Впрочем, нельзя не отметить непопулярность изобразительных сюжетов и фигуративных образов в произведениях мастерской. В качестве примера подобных изделий можно упомянуть еще разве что панно «Пейзаж с коровами» Гюнты Штольц 1920 года. Возможно, в какой-то мере его появление было вызвано стремлением подражать Иде Керковиус, которая стала ученицей мастерской в уже довольно зрелом возрасте (в 41 год), пользовалась здесь неизменным уважением и вызывала неизменное восхищение тем, что когда-то, будучи преподавателем в художественной школе Штутгарта, учила самого Йоханнеса Иттена (1913—1914).
Намного чаще орнаменты декоративных изделий мастерской носили абстрактный характер, причем это могли быть совершенно неопределенные криволинейные абстрактные формы в духе Василия Кандинского. Так, например, в настенном коврике Гюнты Штольц (1920—1922 годы) формы словно перетекают друг в друга, их выразительность неизменно подчеркнута цветом, характерны плавные переходы и сложность колористического строя. Были и произведения совершенно иного типа, в орнаменте которых — простейшие геометрические фигуры, прямые линии и углы. Пример тому — зыр- чатый гобелен (то есть безворсовый ковер, в котором сквозные отверстия, зырки, используются как элемент художественной формы) Лоры Лёйдерсдорф-Риббент- роп, исполненный около 1921 года. Можно подумать, что эта работа — одно из заданий курса Йоханнеса Иттена на сочетание контрастных геометрических форм (прямоугольники и треугольник) и цветов (красное, желтое, серое, белое и черное). В это же время появились и специфические монохромные решения текстильных изделий, еще более подчеркивавшие роль тонкого, скорее графического, нежели живописного решения орнамента. В настенном панно Гюнты Штольц «Черное и белое» 1924 года — выразительная игра всех возможных градаций серого тона — от белого до черного, чего можно было достичь, зная технические возможности ткацкой техники и используя всего лишь нити черного и белого цвета.
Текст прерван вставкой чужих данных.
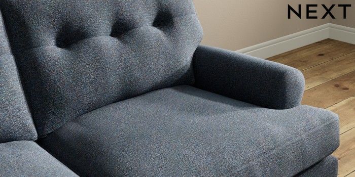 7.2.10 Erin Buttoned Back Deep Relaxed Sit 3 Seater Small Sofa Tweedy Chenille Navy Blue High Classic Turned Chrome Castor - Light | Made Click here to use our website with more accessibility support, for example screen readers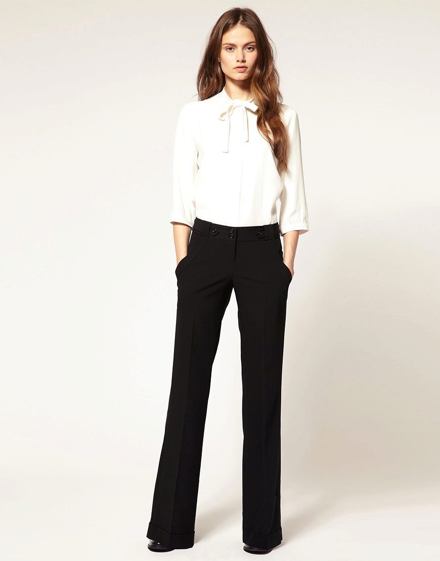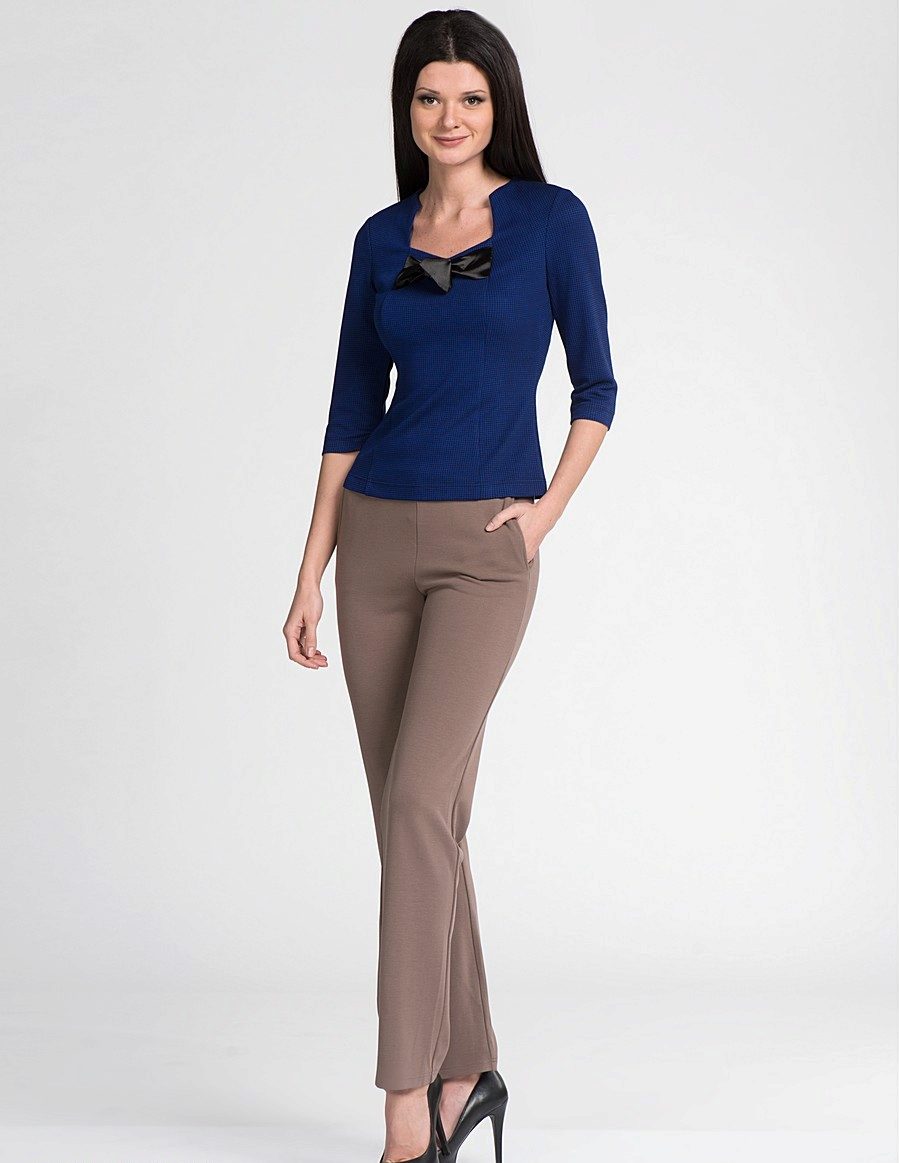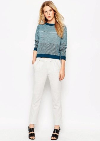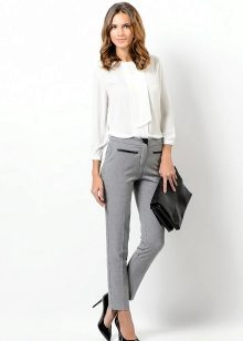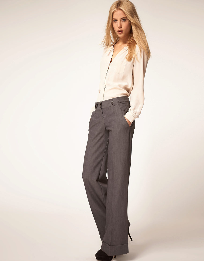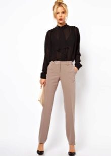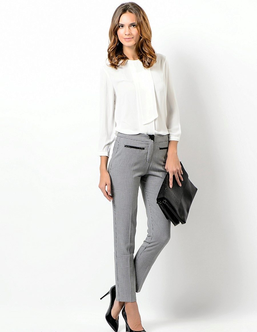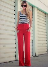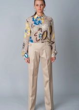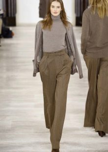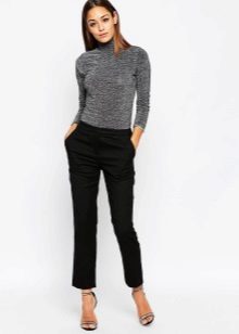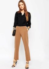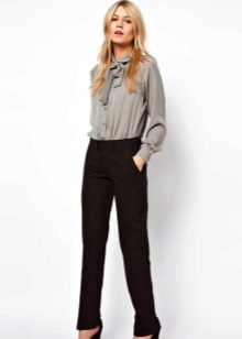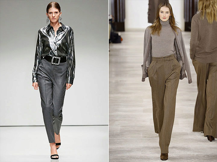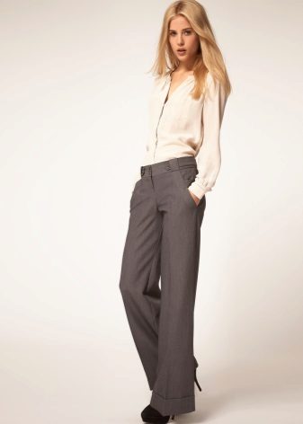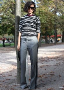 The classic model of wide trousers with straight cut with arrows will be perfectly combined with tight knitted blouses, with a v-neck. The image turns out to be classic and fits perfectly into the framework of the office dress code, without being knocked out by any details. The version of a blouse tucked inside will look most successful; then, perhaps, it will be relevant to use a thin black strap with a silver buckle.

Кроме цветового эксперимента эти изделия демонстрируют нам и разнообразие композиционных и орнаментальных решений. Порой эти настенные панно выполнены по всем законам текстильной композиции единичной вещи, как, например, аппликации неизвестного автора, композиции которого присущ четко выделенный центр и наличие каймы, в результате чего создается эффект замкнутой композиции единичной вещи — настенного декоративного панно с абстрактным геометрическим орнаментом.
Наряду с подобными вещами мы встречаем изделия, в которых господствует совершенно иной композиционный принцип, характерный скорее для композиции продолжающегося орнамента мерной рулонной ткани, кажущийся произвольно из него вырезанным. Так, в панно неизвестного автора нет четко выделенных центра и каймы, рисунок на плоскости не ограничен никакими композиционными элементами. Создается впечатление, что перед нами не цельная композиционная вещь, а лишь вырезанный из общего рулона ткани ее повторяемый элемент (раппорт). Подобное перемещение композиционного принципа раппортной ткани на функционально иную, самостоятельную декоративную вещь появляется в истории текстиля, пожалуй, впервые и выглядит, конечно же, поиском новых выразительных решений лишь в области формы.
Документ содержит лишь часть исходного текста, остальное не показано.